To run the StochHMM command-line application you'll need a model file and a sequence.

##Command-line options:

###Required command-line options and files

-model <model file>	import model file
-seq <sequence file>	import sequence file in fasta format

###Non-stochastic Decoding: Different algorithms available for decoding

-viterbi	performs viterbi traceback
-posterior	Calculates posterior probabilities
		If no output options are supplied, this will return the posterior scores
		for all of the states.

	-threshold <score>: Return only the States with a GFF_DESC, if they are
			greater than or equal to the threshold amount.

-nbest <number of paths> 		performs n-best viterbi algorithm

###Stochastic Decoding:

-stochastic <Type> 
	Types:
		forward		performs stochastic traceback using forward algorithm
		viterbi		performs stochastic traceback using modified-viterbi algorithm
		posterior	performs stochastic traceback using posterior algorithm
-rep  <number of tracebacks to sample>

###Output options:

-gff			prints path in GFF format
-path			prints state path according to state number
-label			prints state path as labels
-hits			prints hit table for multiple tracebacks for all states at each position

A couple example model files have been provided.
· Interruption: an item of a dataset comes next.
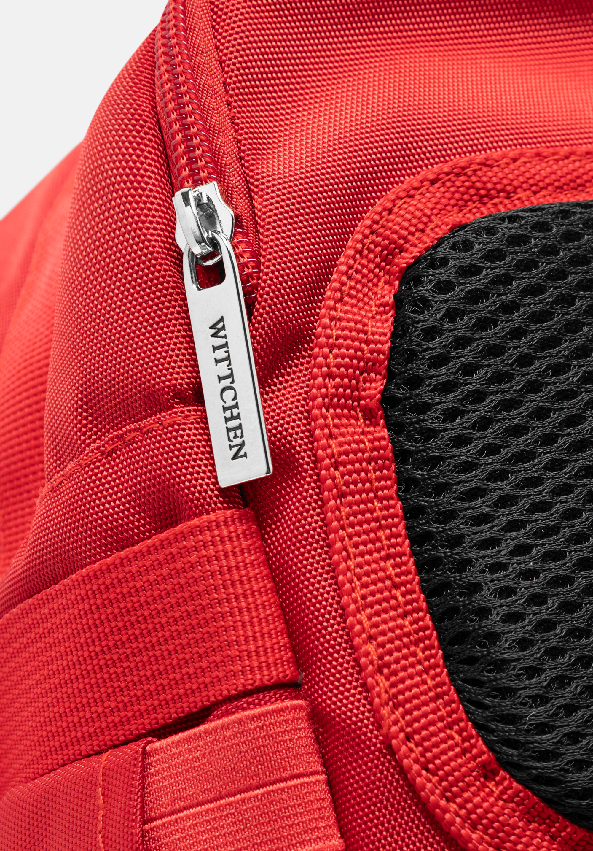 - Buzunar frontal cu multiple compartimente: 5 buzunare, dintre care 4 cu fermoar (dintre care unul este un buzunar impermeabil din PVC dublu ) si un buzunar deschis pentru obiecte mici.
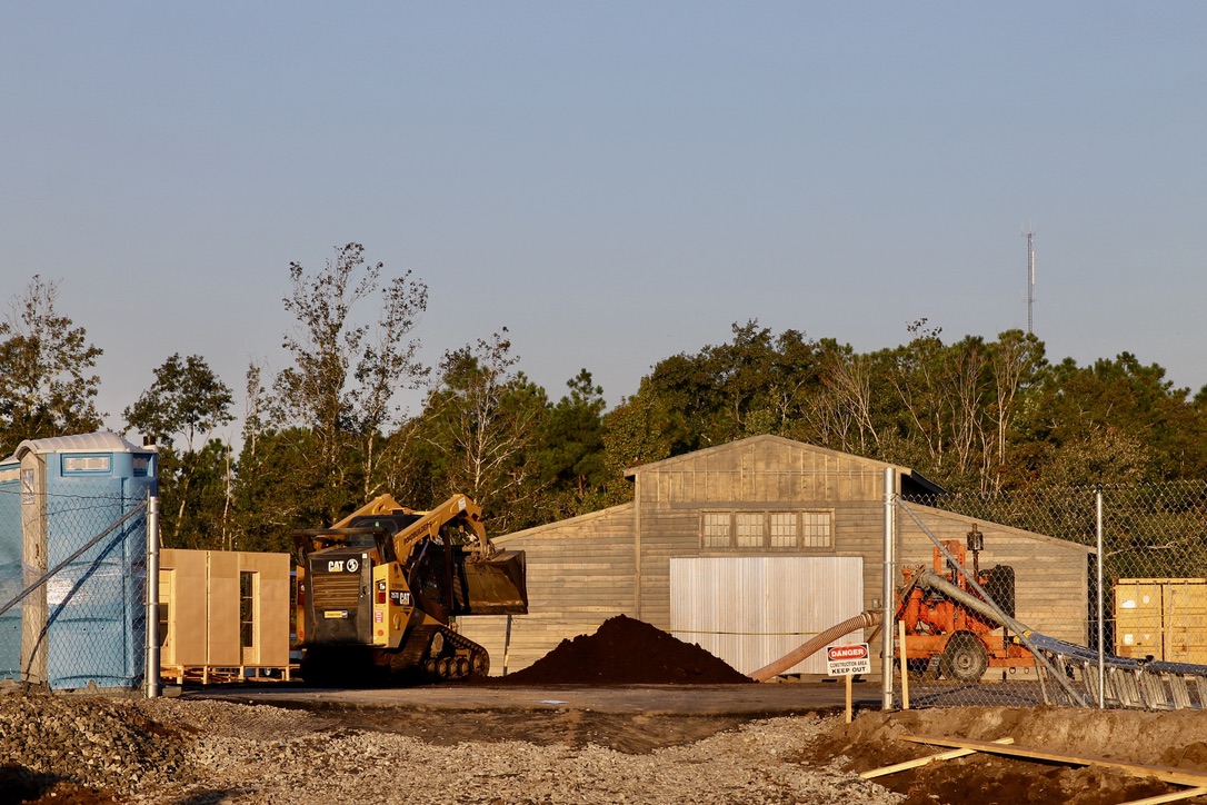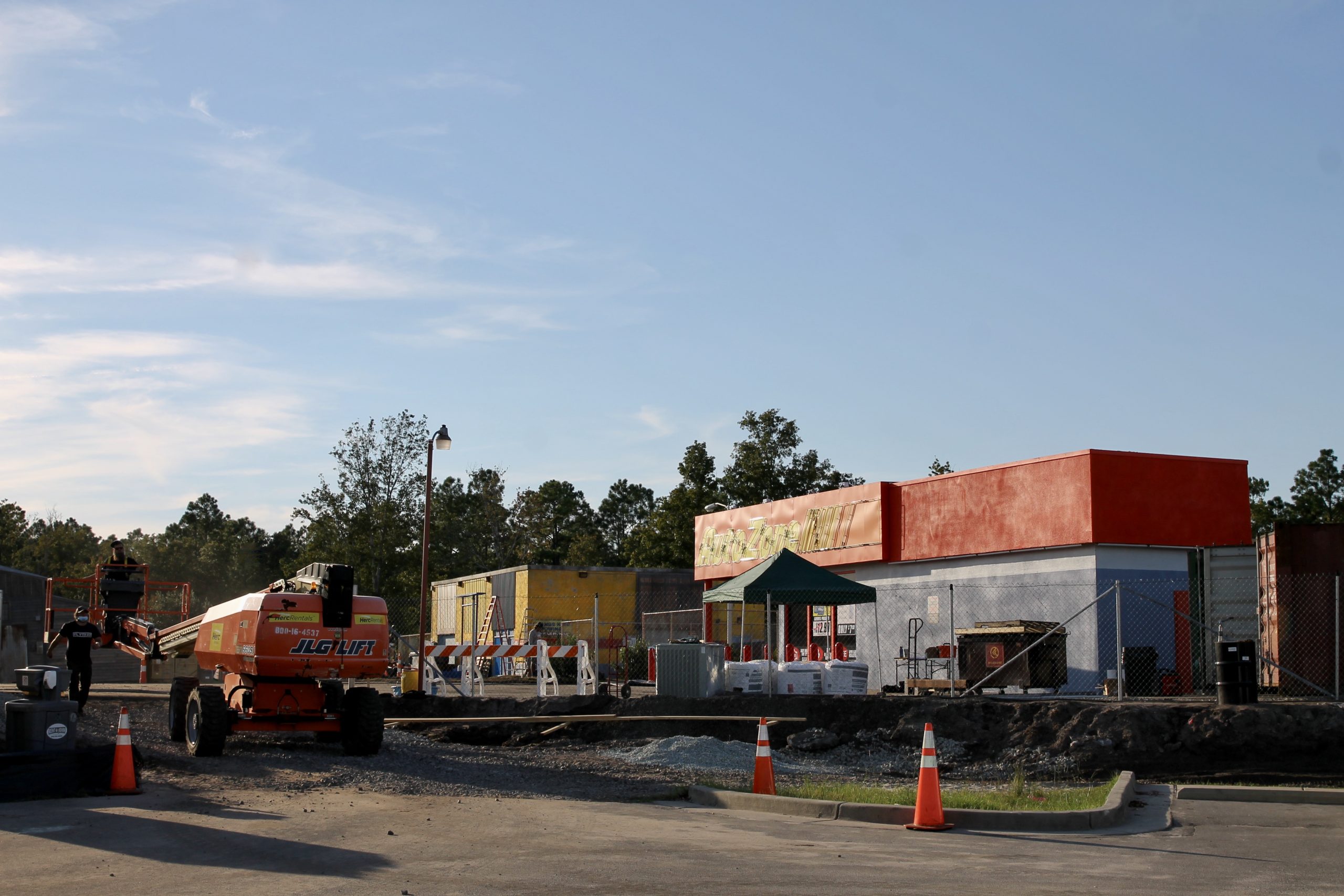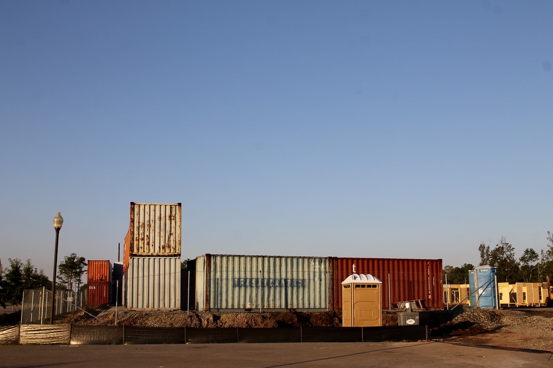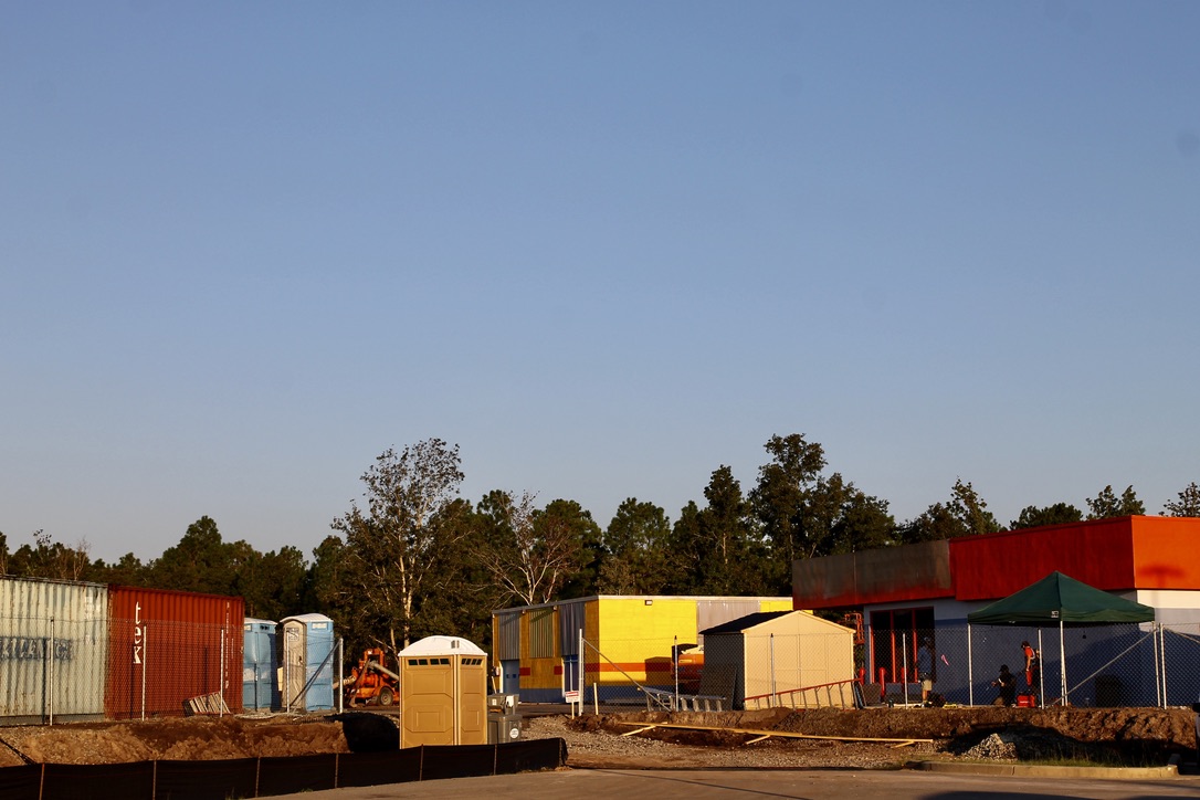 A portion of the shopping complex that was once empty is now home to multiple trailers, portable toilets, stacks of plywood, construction equipment and a crane lifting stage lights over the lot. Surrounded by a chain-link fence, a combination of random building façades have been constructed on the property: a fake AutoZone, a brown barn-esque structure, a building with cross detailing. Cargo containers are stacked along the outskirts, barricading the set from the movie theater and nearby restaurants in The Pointe.

3_16_Eddy.hmm - GC rich model from Problem 3.16 of 
	"Problems and Solutions in Biological Sequence Analysis. M. Borodovsky and S. Ekisheva. Cambridge
	 Press, UK (2006)"

Dice.hmm - Dishonest Casino Dice model from pg 65 of 
	"Biological Sequence Analysis: Probabilistic models of proteins and nucleic acids. R Durbin, S.
	 Eddy, A. Krogh, and G. Mitchison. Cambridge Press, UK (1998)"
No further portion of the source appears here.